If amphibians are indeed our early-warning system, we should be concerned. Fully one-third of all amphibian species are threatened with extinction, and more than 40% have undergone significant population declines over the past decade (Fig. 48.22). What accounts for this pattern? Just about all the environmental issues discussed in this chapter come into play. Amphibian habitat is being destroyed in many parts of the world, especially old-growth forests that provide damp, food-rich environments in abundance. Pesticides and other toxins of human manufacture take their toll as well. For example, the common herbicide atrazine has been shown experimentally to impair development in frogs. Studies on placental cells grown in the laboratory suggest that atrazine in our food may also affect human reproduction. When atrazine was applied to human placental cells, it caused overexpression of genes associated with abnormal fetal development. Because of concerns about public health, atrazine has been banned in several European countries.

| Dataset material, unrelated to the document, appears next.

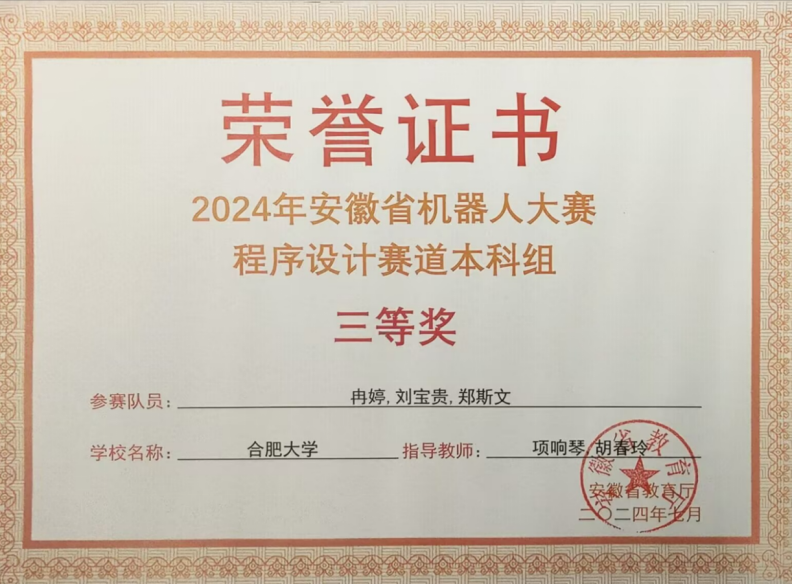 冉婷,女,漢族,出生于2004年6月,共青團員,合肥大學人工智能與大數據學院2022級智能科學與技術專業本科生,擔任班級學習委員。曾獲校特等獎學金、校“三好學生”、校“優秀干部”等榮譽稱號;先后獲2024年安徽省大學生創新大賽三等獎,2024年中國大學生程序設計邀請賽三等獎等。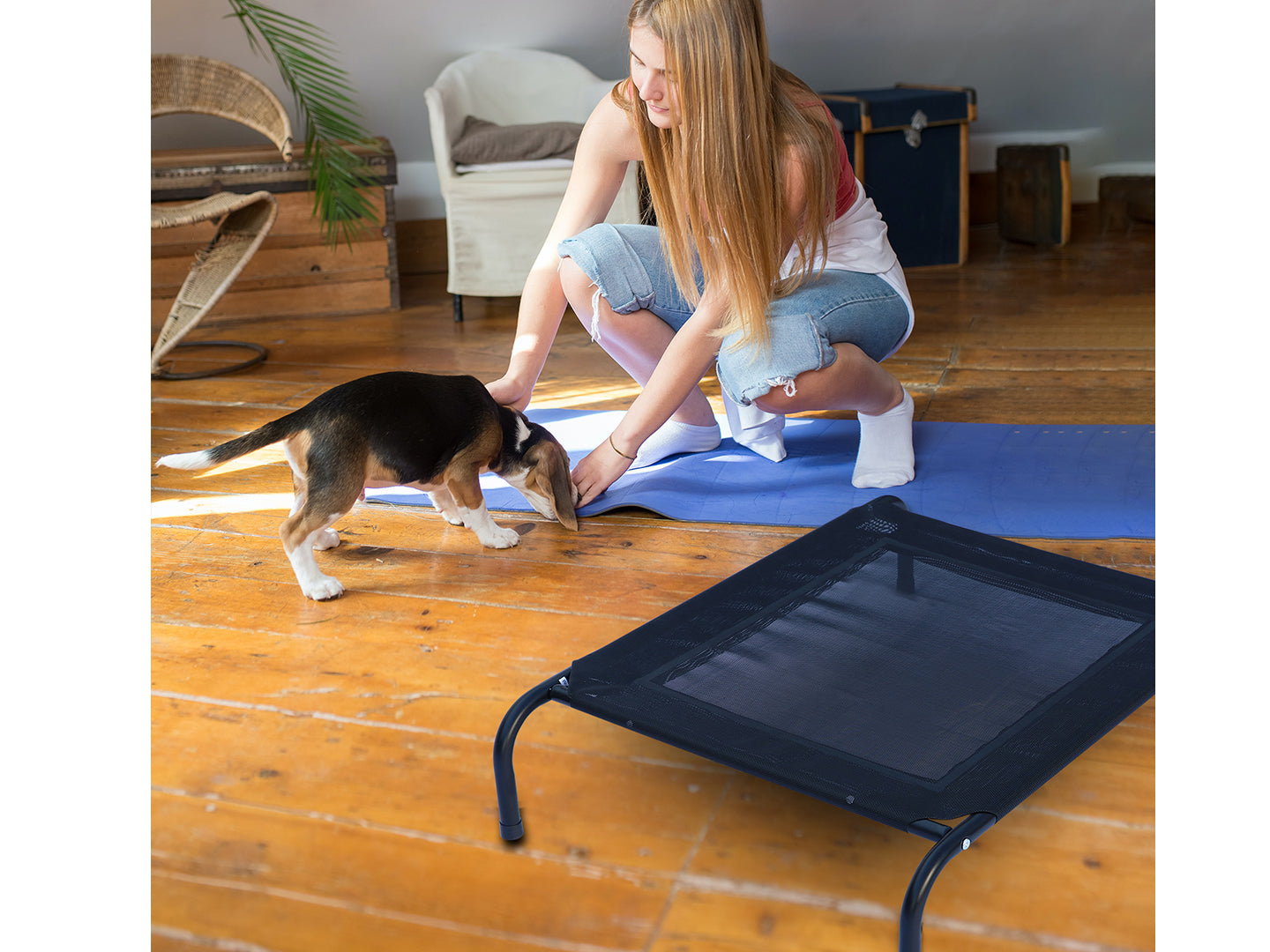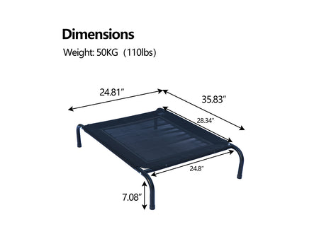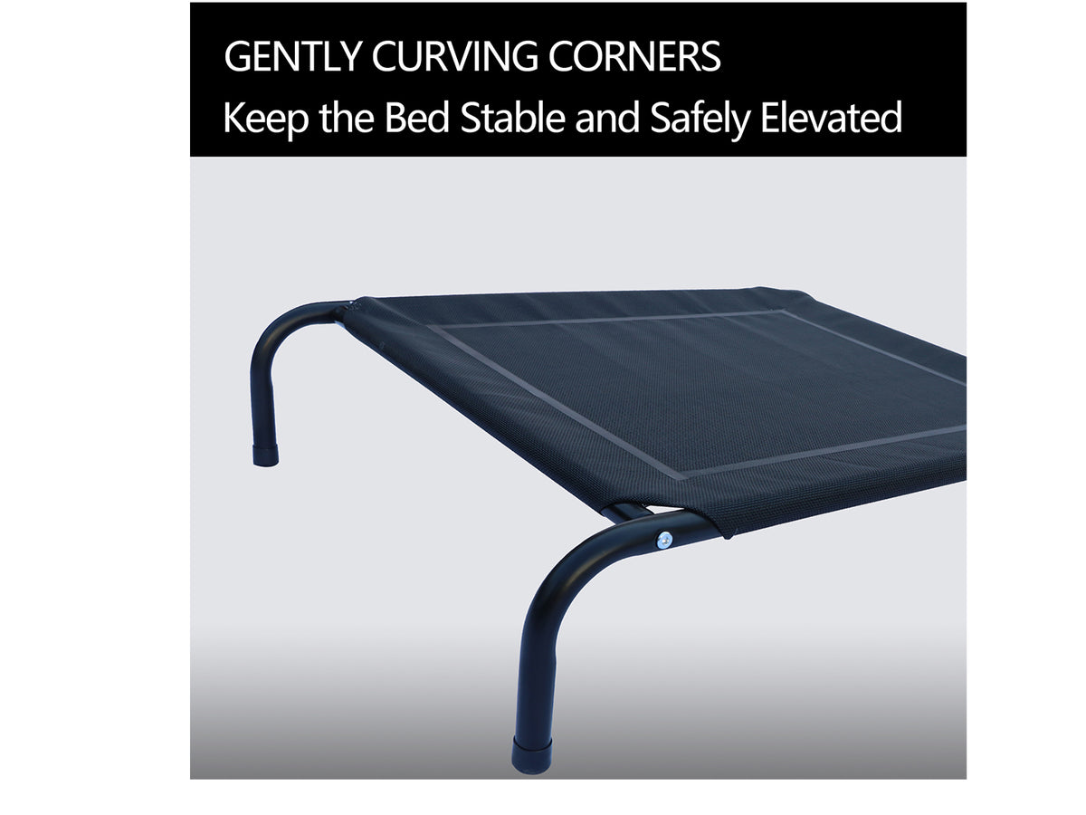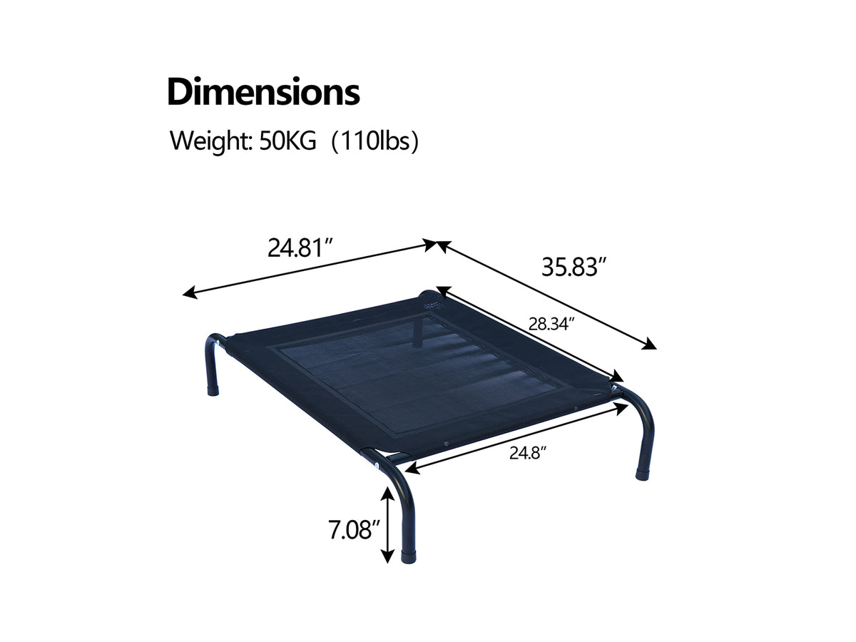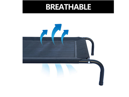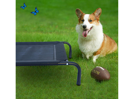 - The raised mesh cot lifts your pet 7 inches off the ground, allowing air to circulate freely to keep them cool on hot days.

Recently, infection has also been implicated in amphibian decline. The fungus Batrachochytrium dendrobatidis, or Bd, infects the skin of frogs and impairs many of the skin’s functions. Recent studies of Bd show the classic features of epidemics—rapid geographic spread and high mortality—along the expanding front of fungal populations. How Bd spreads and whether it acts in concert with other facets of global change remain controversial, but there can be no doubt that disease has joined habitat destruction and pollution as a major cause of amphibian decline.